Data extract

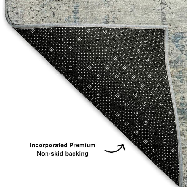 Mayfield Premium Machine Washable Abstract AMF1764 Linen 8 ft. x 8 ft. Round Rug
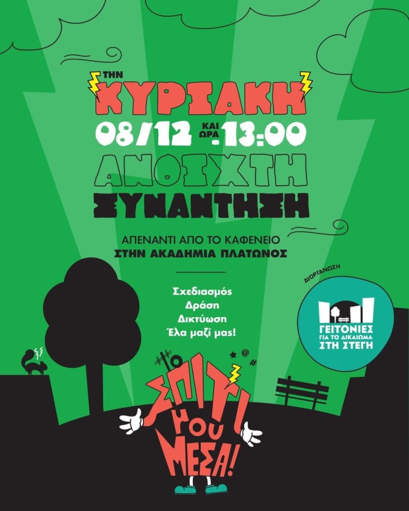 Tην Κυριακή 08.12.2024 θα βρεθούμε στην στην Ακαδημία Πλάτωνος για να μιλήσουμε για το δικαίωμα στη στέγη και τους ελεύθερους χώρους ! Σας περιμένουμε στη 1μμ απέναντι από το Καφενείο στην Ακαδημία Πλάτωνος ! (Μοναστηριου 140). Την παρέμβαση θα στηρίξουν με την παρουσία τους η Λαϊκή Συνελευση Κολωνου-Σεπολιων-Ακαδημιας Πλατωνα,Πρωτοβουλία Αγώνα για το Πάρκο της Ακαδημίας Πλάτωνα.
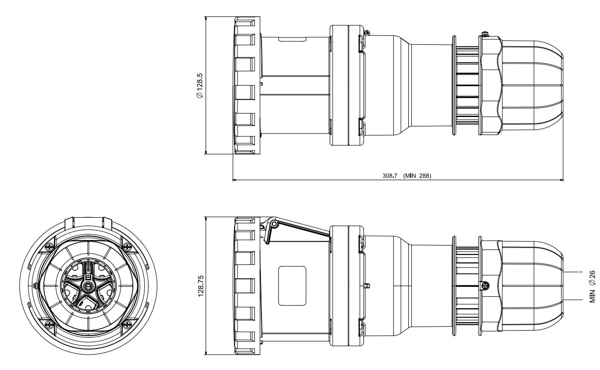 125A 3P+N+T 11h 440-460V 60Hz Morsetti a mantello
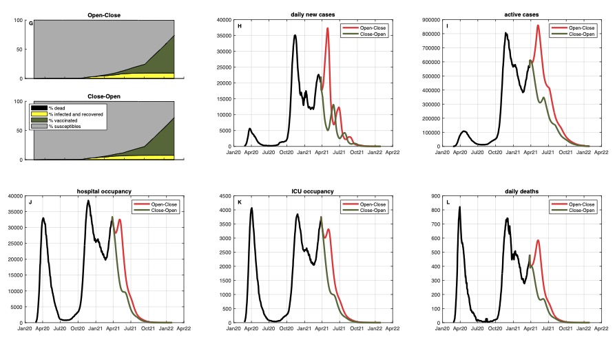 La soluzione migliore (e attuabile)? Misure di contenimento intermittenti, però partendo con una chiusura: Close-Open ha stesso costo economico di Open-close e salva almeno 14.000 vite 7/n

Your instructions
Would you set down the material exactly as it stands, without the pictures?

Your response
 Mayfield Premium Machine Washable Abstract AMF1764 Linen 8 ft. x 8 ft. Round Rug
 Tην Κυριακή 08.12.2024 θα βρεθούμε στην στην Ακαδημία Πλάτωνος για να μιλήσουμε για το δικαίωμα στη στέγη και τους ελεύθερους χώρους ! Σας περιμένουμε στη 1μμ απέναντι από το Καφενείο στην Ακαδημία Πλάτωνος ! (Μοναστηριου 140). Την παρέμβαση θα στηρίξουν με την παρουσία τους η Λαϊκή Συνελευση Κολωνου-Σεπολιων-Ακαδημιας Πλατωνα,Πρωτοβουλία Αγώνα για το Πάρκο της Ακαδημίας Πλάτωνα.
 125A 3P+N+T 11h 440-460V 60Hz Morsetti a mantello
 La soluzione migliore (e attuabile)? Misure di contenimento intermittenti, però partendo con una chiusura: Close-Open ha stesso costo economico di Open-close e salva almeno 14.000 vite 7/n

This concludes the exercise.